For a man of his stature he held comparatively little at the end. Forbes put his net worth at roughly $2.6 billion when he died in 2023, with lifetime giving estimated at well over half a billion. He declined to sign the Giving Pledge — not out of stinginess, but because he had already transferred so much of his wealth to his children and to institutions. And he stayed put: the same home for some seven decades, no upgrade to match the balance sheet.
The major gifts
Munger’s giving clustered around education, and his money came with strong opinions about how buildings should be built.
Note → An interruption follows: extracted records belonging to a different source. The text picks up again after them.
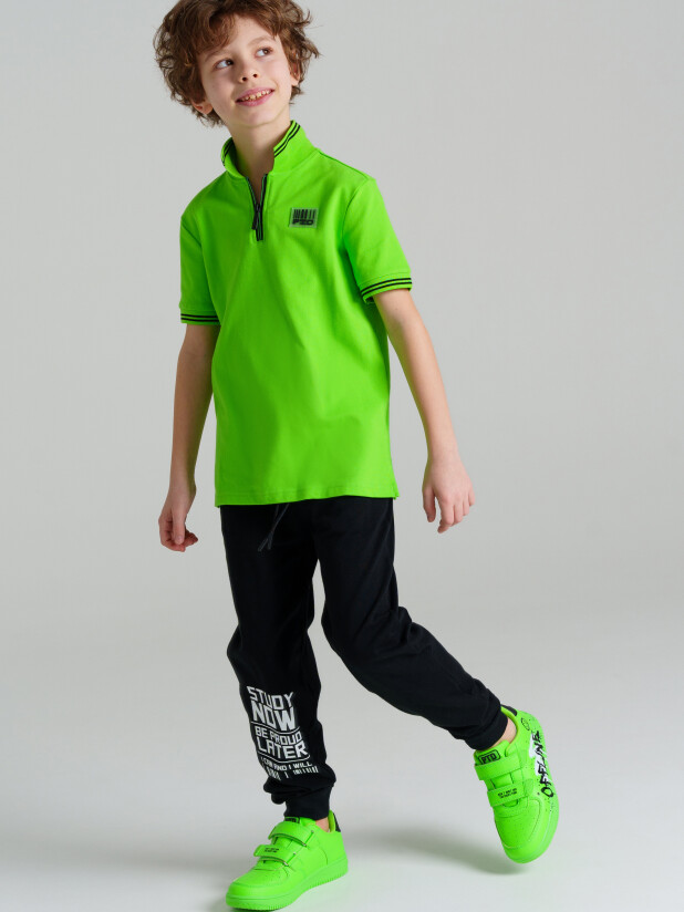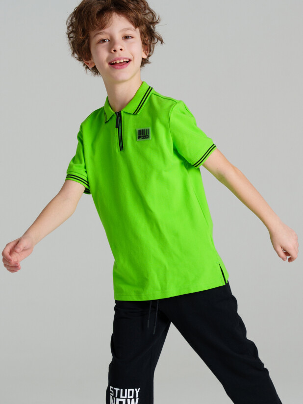Поло классической посадки из фактурного трикотажного полотна пике. Планка с застежкой на молнию.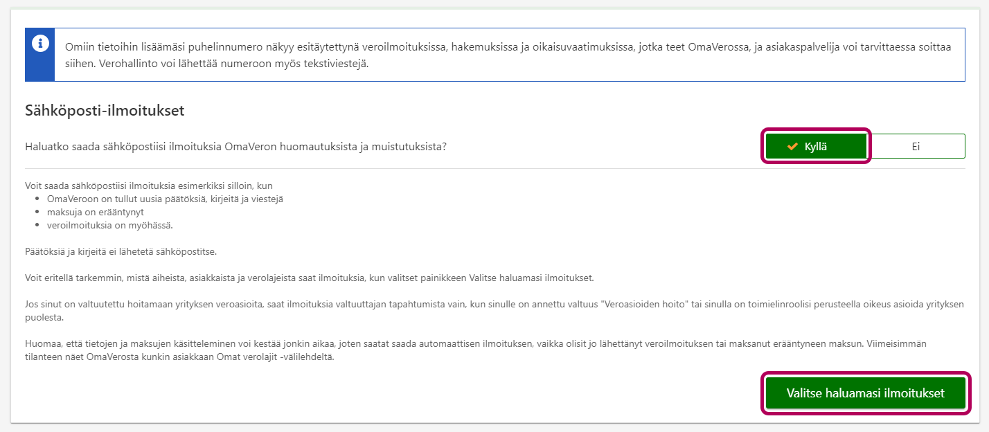 Jos haluat saada sähköpostiisi ilmoituksia OmaVeron huomautuksista ja muistutuksista, varmista, että valita on Kyllä.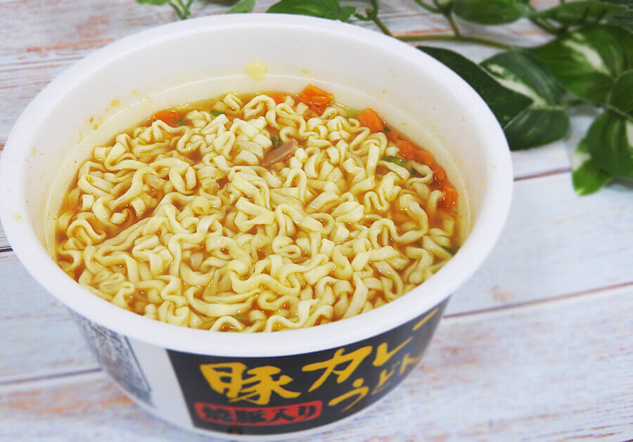 作り方は、一般的なカップ麺と同じです。熱湯で3分後……スパイシーな香りとともに完成しました。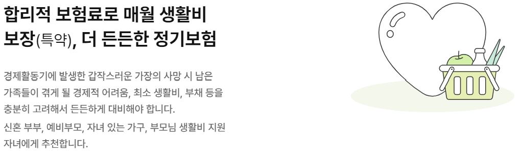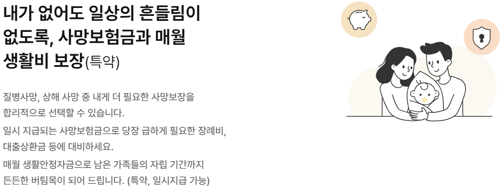 | 갱신형 질병사망 생활안정자금 (2년) | 질병으로 인하여 사망한 경우 최초 1회한 매월 2년간 생활안정자금 확정 지급 (가입 후 1년 미만 50% 지급) |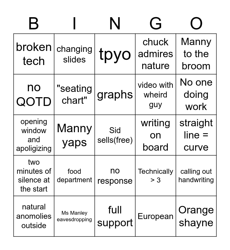 This bingo card has a free space and 27 words: Technically > 3, Highly specific example, video with wheird guy, full support, no QOTD, tpyo, changing slides, two minutes of silence at the start, writing on board, calling out handwriting, opening window and apoligizing, chuck admires nature, natural anomolies outside, Ms Manley eavesdropping, No one doing work, Video doesn't load, "seating chart", graphs, food department, broken tech, straight line = curve, European, Manny yaps, Orange shayne, no response, Manny to the broom and Evan before we leave.

The largest gifts:
- University of Michigan — $110 million for a graduate residence (after earlier gifts of $20 million and $3 million).
- University of California, Santa Barbara — about $200 million toward the Munger Hall dormitory, which was ultimately cancelled.
- Stanford — about $43.5 million for a graduate residence, plus support for the Green Library and an endowed professorship.
- Harvard-Westlake School — a science center (around $13 million) and later stock.
- Huntington Library — the Munger Research Center (2004), a $68 million lead gift for the Koblik center (2013), and a roughly $40 million late gift.
- Marlborough School — around $1.8–1.9 million.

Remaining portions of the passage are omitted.